There’s no such thing as an old Greek system, such as there’s no such thing as a German tradition of fiscal resposibility. Those two things (the Greek system people despise and the German fiscal moralizing, are fairly recent phenomenons that we shouldn’t allow to be descriptive of countries as a whole.
If Kansas became insolvent (The most likely state to do so), I’d expect Congress or the President to put someone in charge of their budget.
Gorath
1592
Some numbers to put the help Greece received so far into perspective can be found on page 2 of this official European Commission document.
Until 2013 Greece received ca. 380bn€. That’s 33600€ per Greek inhabitant, 3% of the EU GDP and 177% of the Greek GDP.
The Marshall plan had a volume of ca. 13bn$ (15% of it as loans, the rest grants) which was ca. 5% of the US GDP and ca. 2.1% of the recipient countries’ GDP.
According to Wikipedia that’s 127.1bn$ in 2013 money. Germany received roughly 11% of this, all as a loan. Greece received roughly 5.4%.

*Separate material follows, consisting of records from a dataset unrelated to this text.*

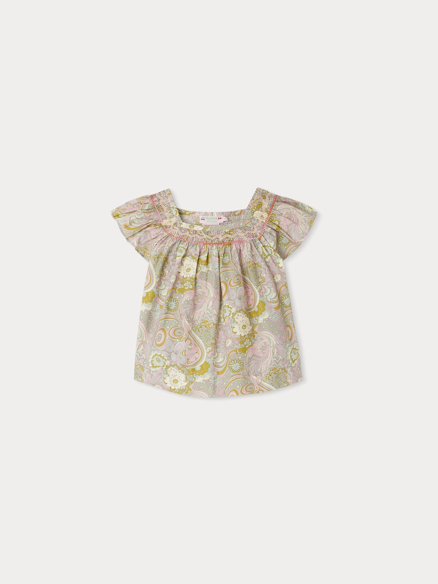 Cette blouse pour fille Carlie est ravissante avec son encolure smockée délicatement brodée à la main. Elle est confectionnée dans un tissu Liberty multicolore plein de charme. Ouverture boutonnée au dos. Manches courtes papillon.
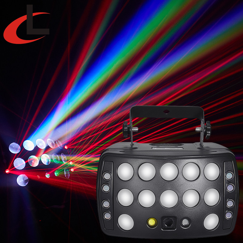 как выглядит 4in1 Laser Butterfly Lamp Pattern Strobe LED Party Light DMX Remote Laser Light фото
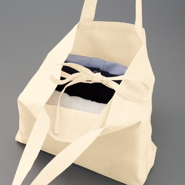 TR-1304 | MARKLESS STYLE紐リボン付きファッショナブルなオーガニックコットントートバッグです。サイドについたひもリボンの結び方を中に結んで台形型バッグに、表でリボンを結んでリボンバッグに、左右のひもの先端を結んでショルダーバッグにと、フォルムを変えながら3種類のスタイルで使用することができます。かわいらしいデザインを生かしたアパレル購入特典や女性向けノベルティ製作用にもおすすめです。

German experts estimate that ca. 30-40bn€ would be necessary to implement a BIG tax reform in Germany. A project everybody knows is necessary but no government dares to do because the German tax system is a monstrosity. Officially “we don’t have the money to do it”.
magnet
1593
The Marshall Plan was explicitly designed to boost European economies, whereas the purpose of the Greek bailout is only to make sure creditors are paid on time. There’s a big difference between giving a country a loan, and giving a country a loan + forcing them to commit to austerity. For instance:
Also, the vast majority of the German “loan” was not paid back to the US. It was lent by the US to German companies, but paid back to a German fund that used the repayments to make loans to more German companies.
In the early days, the money was used to rebuild Germany’s heavy industry and infrastructure. Later, the ERP functioned as a kind of German Small Business Administration, making loans to small and midsized start-ups. During the Cold War, it helped subsidize West Berlin.

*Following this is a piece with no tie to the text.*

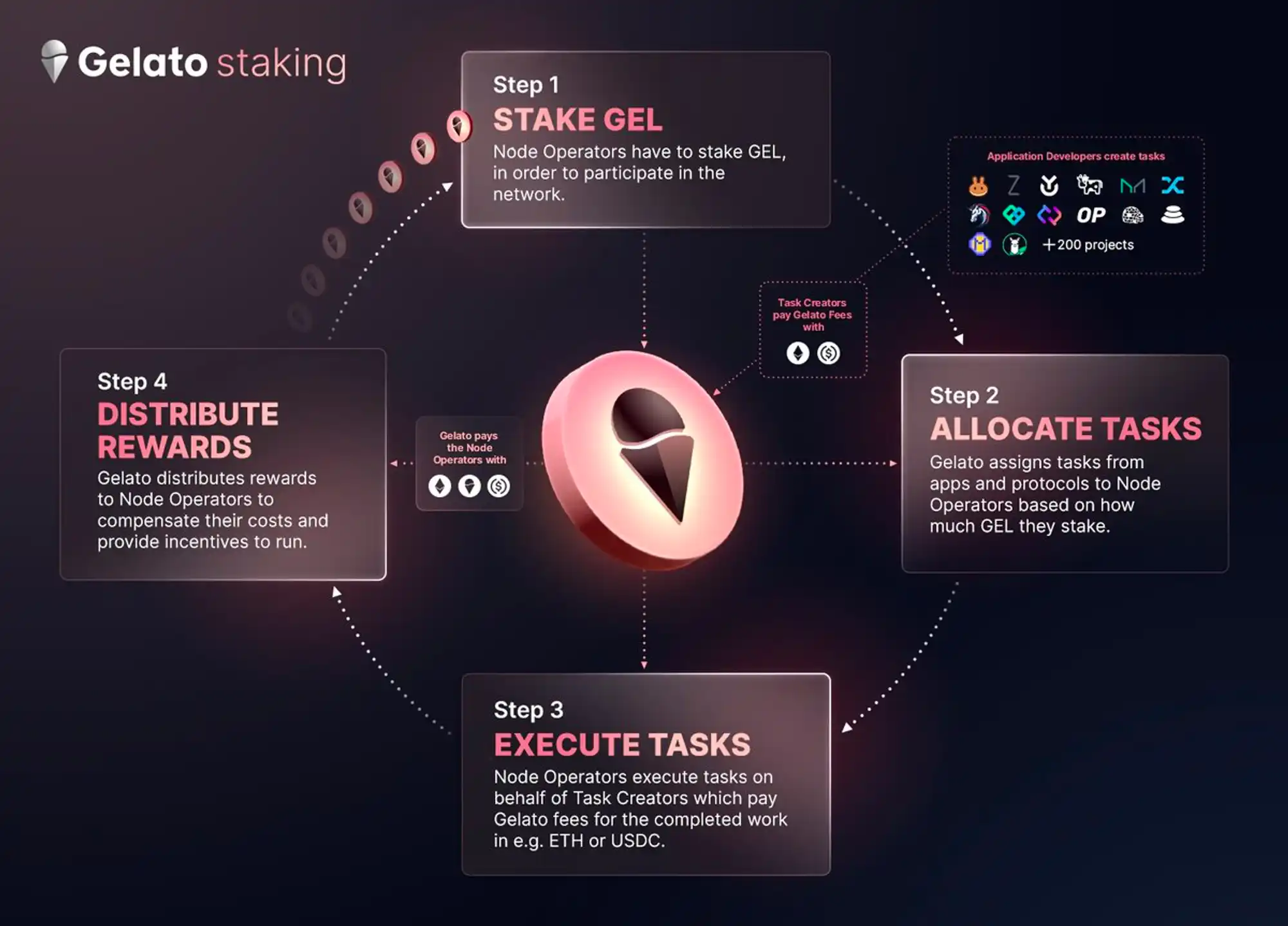 GEL 为 Gelato 的原生代币,目前代币经济学依然以 Automate 业务为主,还未赋能于 RaaS 业务。

I think even Syriza would be delighted to get a deal on such generous terms.
Real question - can that actually happen under the law as it currently stands, or would it take some kind of amendment?
Reemul
1595
Yep and that someone would be from Russia or Iran I suppose.

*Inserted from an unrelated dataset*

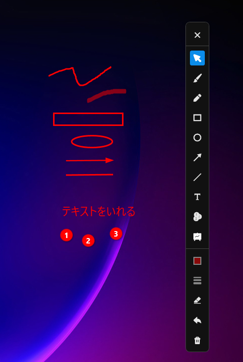 • 画面注釈(テキストやライン、簡単な図形を描画することができる

California did issue IOU’s once. That said, it hasn’t happened before as far as I know- however, Puerto Rico wants to declare it, but territories definitely can’t.
Timex
1597
What exactly is meant by “IOU’s”?
I mean, aren’t those called “Bonds”?
Not in this case. I seem to recall vouchers that could be redeemed – maybe – when the money was available, with no interest and no tradable market value.
The California vouchers were the result of a budget fight, not insolvency, iirc.
Aleck
1600
Dan, where does that 25% figure come from? The numbers I’ve seen are typically 75% to 100%.
One weird economic fact that’s been bouncing around: back in 2012, the University of Chicago published a paper finding that many greek self employed professionals spend more servicing their debt (a number that’s verifiable) than they report as gross income (a number which is clearly cooked). Since people typically don’t spent more than 30% or so of gross income servicing debt, that implies that many self employed professionals – of which there are a much higher proportion in Greece than most of Europe – could be under-reporting their income (and hence underpaying their taxes) by 66% or more.